Tak lagi menjadi pegawai, Ani kemudian melakukan hobinya yang lain. Yaitu memotret. Di lapak tempat sang kakak berdagang batik di Bantul, ia diminta untuk mengambil gambar. Lalu mengunggahnya ke media sosial untuk promosi.
Pernah pula Ani diajak menjelajah ke pengrajin batik di sekitaran Bantul. Dari melihat proses menenun, mencelup, hingga mencap batik, memorinya terbuka. Masa lalunya yang akrab dengan budaya Jawa ingin diulanginya sekali lagi. "Jadilah saya ingin jualan batik apa begitu. Tapi yang unik," ujarnya.
Ia kemudian menjelajah di dunia maya. Sampai menemukan sebuah grup facebook filateli yang menggemari kartu pos dan perangko unik. Dari situ muncul ide membuat kartu pos dengan cover motif batik.
Batik milik sang kakak yang pernah dipotretnya kemudian dicetak diatas kertas karton. Di sampingnya, termuat kisah tentang filosofi dan sejarah jenis batik tersebut. Dan setelah kartu pos jadi, dipasarkanlah produk tersebut ke toko di seputaran Yogya dan di media sosial. Semua dijual dengan harga tiga ribu rupiah.
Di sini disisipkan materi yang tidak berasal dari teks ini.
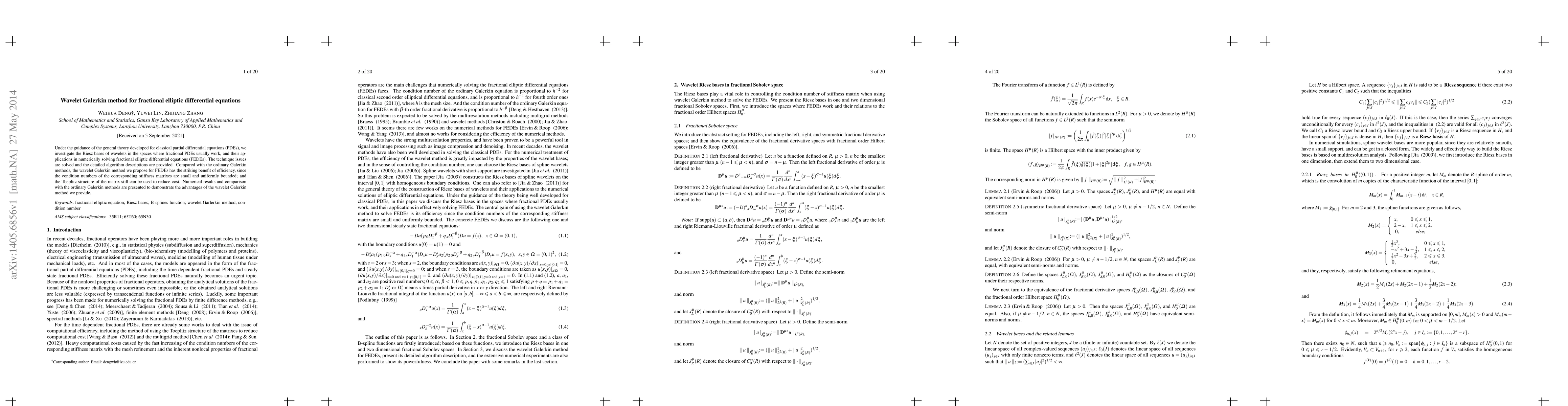 This paper proposes a wavelet Galerkin method for solving fractional elliptic differential equations (FEDEs), leveraging the efficiency of wavelet bases. The method demonstrates superior performance compared to ordinary Galerkin methods due to small, uniformly bounded condition numbers and the use of Toeplitz structure for cost reduction, as shown through numerical comparisons.
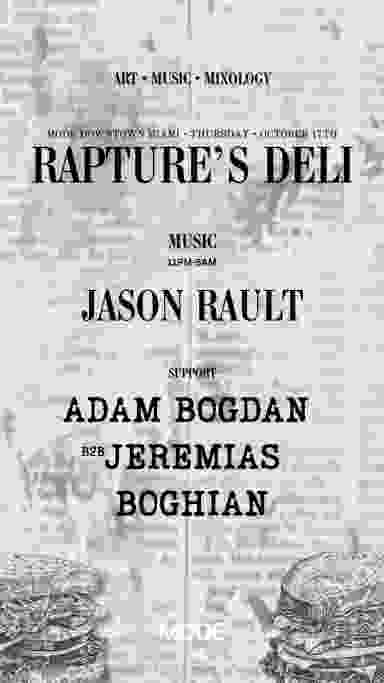We're back! Thursday, October 17th, Rapture’s Deli returns to Mode! 🥁 . 🤩 We’re excited to welcome back JASON RAULT for another unforgettable night, alongside our resident selectors! This edition also features a special b2b from ADAM BOGDAN and JEREMIAS for the first time ever. Lineup will be completed by our resident BOGHIAN. . Free RSVP before 12 .
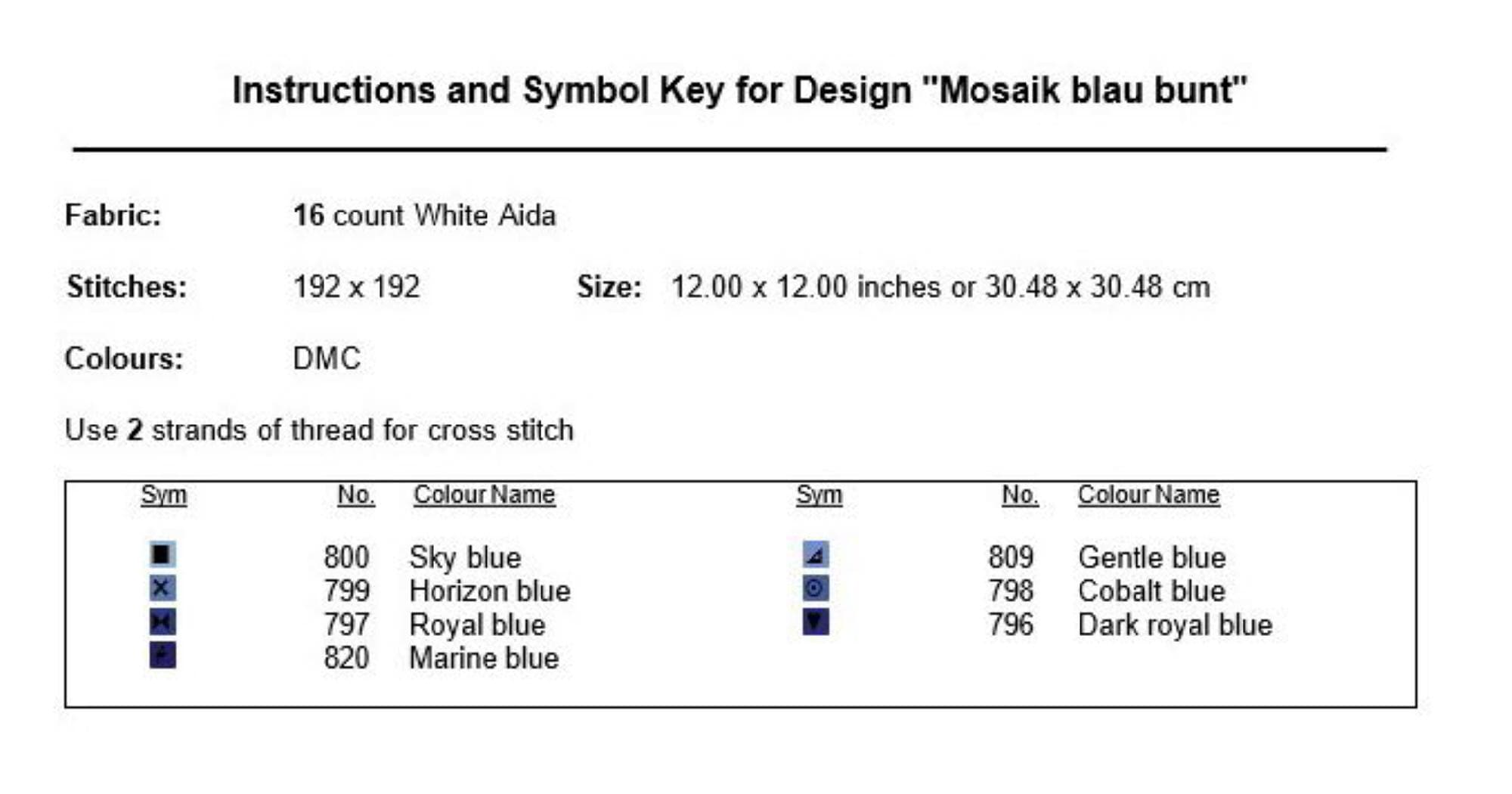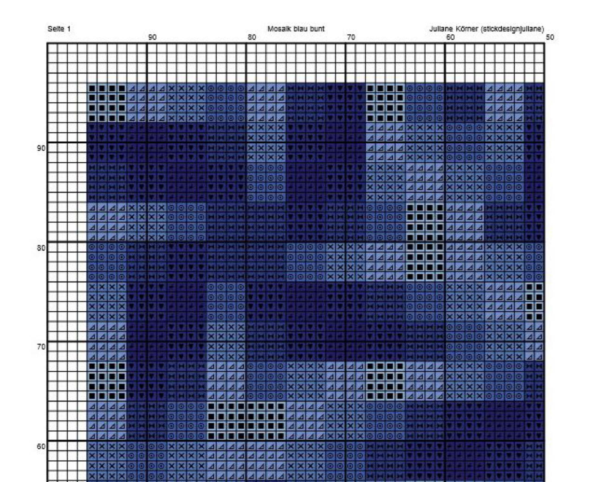 Cross stitch pattern mosaic blue, image size approx. 30 x 30 cm, cross stitch embroidery pattern PDF file instant download
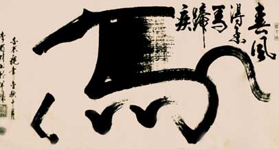 书法《马》,给人一种坚强、力量、积极向上、勇往直前的拼搏精神。
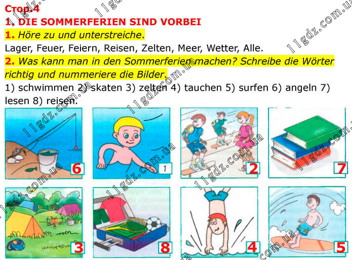 1. DIE SOMMERFERIEN SIND VORBEI 1. Höre zu und unterstreiche. Lager, Feuer, Feiern, Reisen, Zelten, Meer, Wetter, Alle. 2. Was kann man in den Sommerferien machen? Schreibe die Wörter richtig und nummeriere die Bilder. 1) schwimmen 2) skaten 3) zelten 4) tauchen 5) surfen 6) angeln 7) lesen 8) reisen.
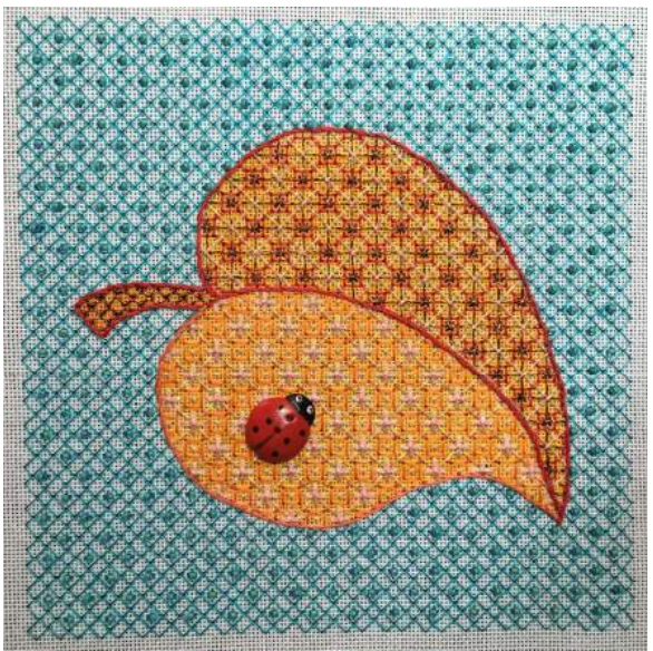 • Janice M finished stitching Ann Strite-Kurz’s Leaf Luster, a workshop held at Needleworker’s Delight in mid-May. Janice changed some of the thread colors and bought a smaller version of the ladybug on Etsy.
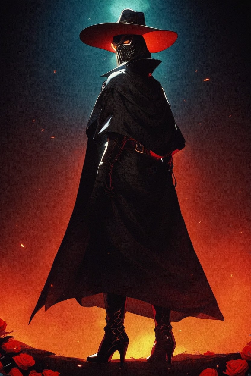 gothic style of clothing, back half cloak, brown leather boots with high heels, red medival clothing under cloak, leather belt, black leather hat with long brim, white plague doctor mask, round glasses on the mask, hands behind your back, brown leather gloves with wrist straps, red rose in the hand, 12th century style, looking at the viewer, night medival city, the glow of a fire on the horizon, high detailed
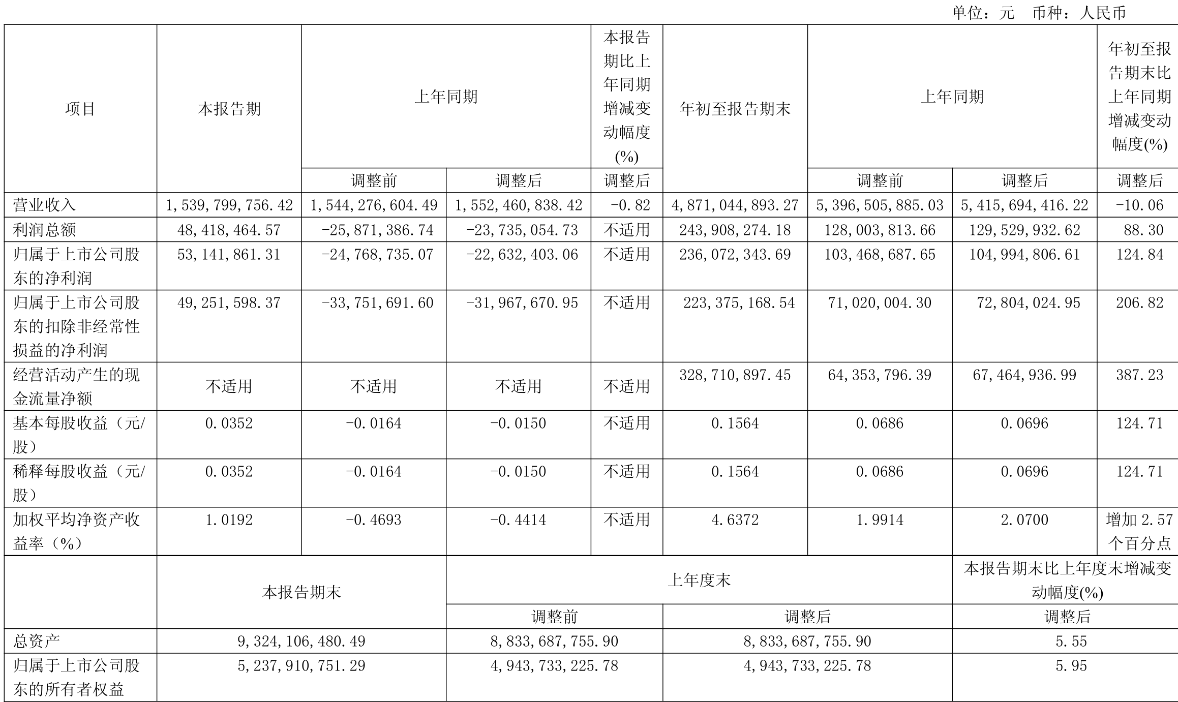 中证智能财讯三元股份(600429)10月29日披露2025年第三季度报告。前三季度公司实现营业总收入48.71亿元,同比下降10.06%;归母净利润2.36亿元,同比增长124.84%;扣非净利润2.23亿元,同比增长206.82%;经营活动产生的现金流量净额为3.29亿元,同比增长387.23%;报告期内,三元股份基本每股收益为0.1564元,加权平均净资产收益率为4.64%。
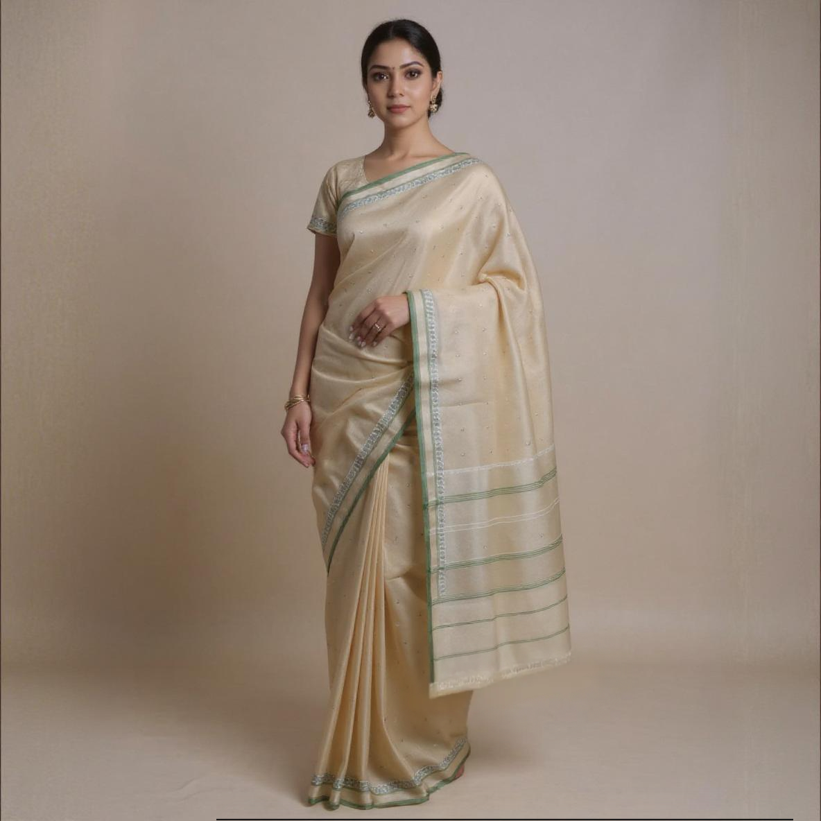 Btengal saree is made by fine cotton count embellished by extra warp designs with multi coloured yarns. It is a simple formation of Bengal cotton saree & woven with figured motifs, in transparent plain ground, with designs of extra warp in borders and extra weft in the body. Use of cotton yarn make it suitable to wear comfortably.
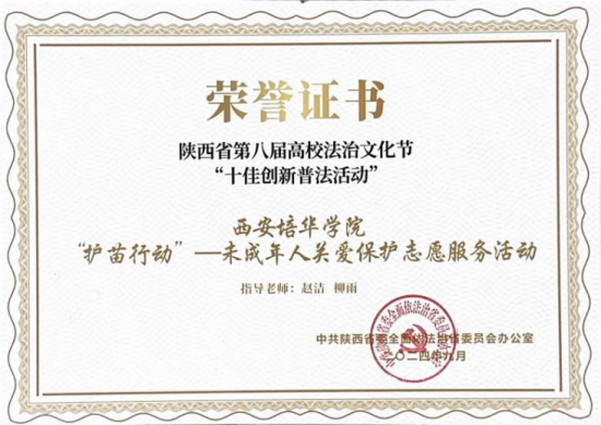 启动仪式上,对第八届高校法治文化节“法典先锋”冲关答题挑战赛、优秀法治文化作品、十佳创新普法活动、优秀组织单位等获奖单位及个人进行了通报表彰。学校法学院2023级1班张灿同学凭借扎实的法律知识和快速的应变能力在“法典先锋”冲关答题挑战赛中荣获一等奖。学校推荐的《“护苗行动”——未成年人关爱保护志愿服务活动》荣获“十佳创新普法活动”称号。西安培华学院荣获“优秀组织单位”奖。
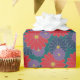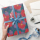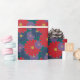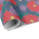 Grande vermelho escarlate, azul médio marinho, e pequenas flores roxas púrpuras reais, como margaridas, estão espalhadas por um rico fundo verde da selva para criar um padrão floral colorido que é perfeito até para o outono.
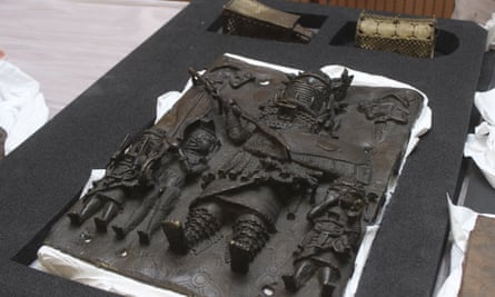 Estos dos bronces de Benín también fueron devueltos al gobierno nigeriano en Abuja.
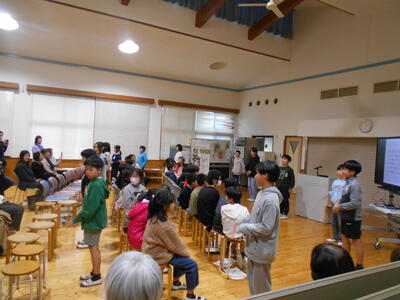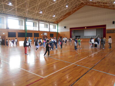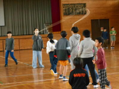 3月5日(木)の午後、JA跡地(かわはら広場)でミニゲーム大会が開催されました。これは、3年生から6年生までの異学年での総合的な学習の時間に、どうしたら地域との方々との交流を深めることができるかという課題で探究していった「交流グループ」が企画したものです。西原村で活躍しておられる地域おこし協力隊の方々に、GTとして複数回来ていただき、交流のノウハウを学んできました。当日は、これまでの学びを生かして、輪投げやモルック、ストラックアウトなどのミニゲームに加え、時間を設定してのじゃんけん大会やビンゴ大会などを、子どもたちが主体的に進めていました。また、「魅力グループ」が作り上げた「河原よかとこ音頭」も飛び入りで披露されました。集まってくださった地域の方々や保護者の方々は、総勢32名。中には、以前、河原小で勤務されておられた先生まで来てくださり、大盛り上がりでした!子どもたちの地域の方々を笑顔にしたいと思う気持ちと地域の方々が子どもたちを応援してくださる気持ちが重なった、とても温かい時間となりました。ご協力いただいた方々、本当にありがとうございました!!
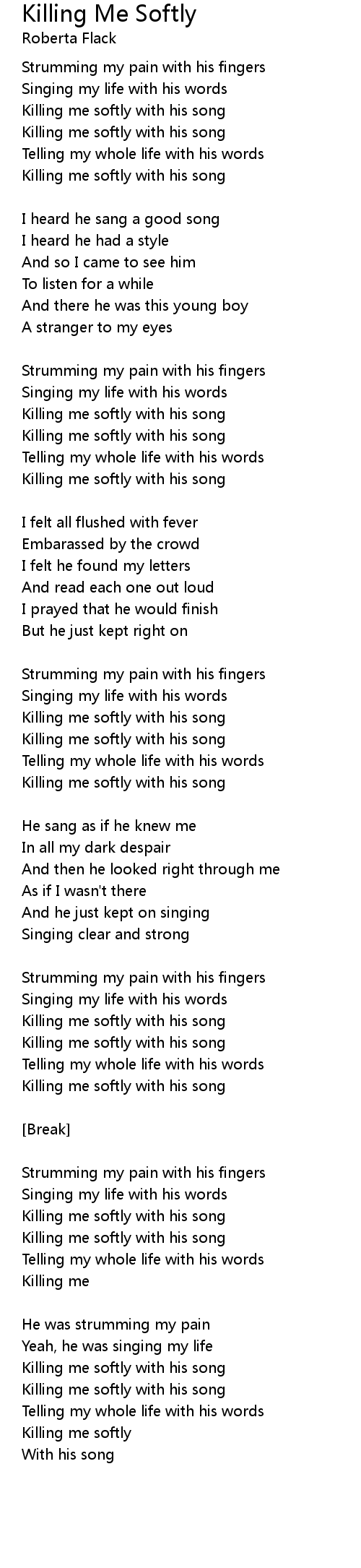 Killing me softly with his song |
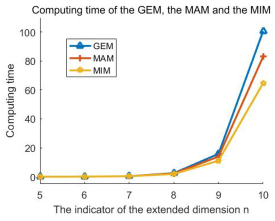 The second simulation was executed to verify the efficiency of the proposed multilevel iteration method. Figure 3a is the original clear ’building’ image with the size , and the blurred image is recovered in Figure 3b with in the blurring kernel and noise level using the MIM. For comparison, we also conducted experiments using the Gaussian elimination method (GEM) in [28] and the multilevel augmentation method (MAM) in [10]. , and represent the computing time of the Gaussian elimination method, the multilevel augmentation method and the multilevel iteration method, respectively. The value n listed in Table 2 ranges from 5 to 10, and in this case, the continuous intensity function (69) is needed. As shown in Section 2, two one-dimensional integral equations are solved to recover the blurred image. Therefore, the computing time here denotes the summation of the time needed to solve the coupled Equation (8) twice. In our MIM experiments, all processes stopped at the second iteration, which is very fast because of the good selection of the initial values and . These two initial values can be found in Step 1 of Algorithm 1. Figure 3c–e show the reconstructed images of (b) using the GEM, the MAM and the MIM. Meanwhile, Table 2 and Figure 4 exhibit the computing time of these three methods. On the whole, the computing time of the MIM is the least among the results of these methods. All results show the proposed multilevel iteration method requires less computational resources. The difference is obvious, especially when the indicator of the extended dimension n is large.
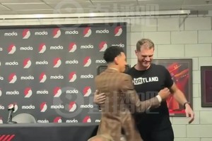 小吧直擊開拓者賽前發(fā)布會(huì)!斯普利特與丹尼·格林老友相見抱一抱
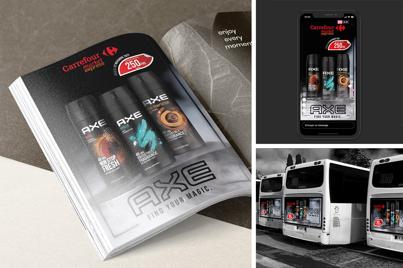 Créer un visuel charté Axe pour promouvoir de nouveau produits de la marque ainsi que le nouveau prix attractifs des produits dans les magasins de l'enseigne.
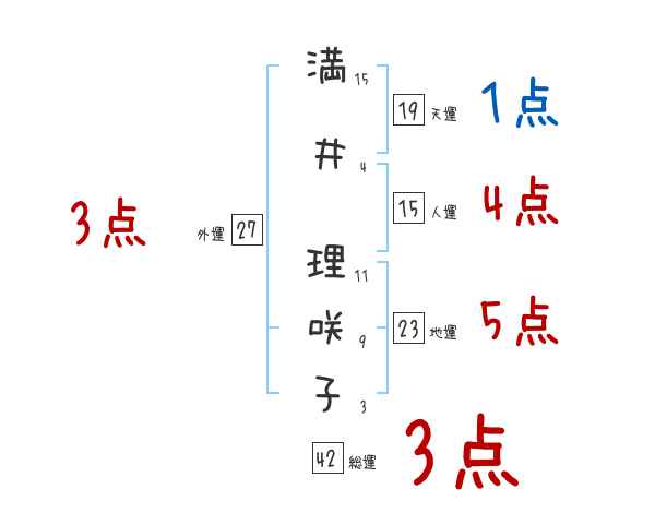 外運![]() | 満井理咲子さんの外運は27画の3つ星!頭脳明晰だが強情で摩擦が多い傾向。孤立に注意。 生活面を象徴する運勢です。外部から受ける影響力を表し、結婚運、家庭運や職場、環境への順応性を表します。 |

"Tak sengaja dan tidak menyangka tanggapan komunitas pecinta kartu pos dan wisatawan Yogya cukup bagus. Bisnis suvenir memang tak ada matinya," ungkapnya.
Untuk menuliskan kisah sejarah tersebut, Ani harus datang ke Jlagran. Hal tersebut dilakukannya semasa awal-awal merintis usaha. Ketiadaan sumber sejarah Jawa yang lengkap di internet menjadi alasannya.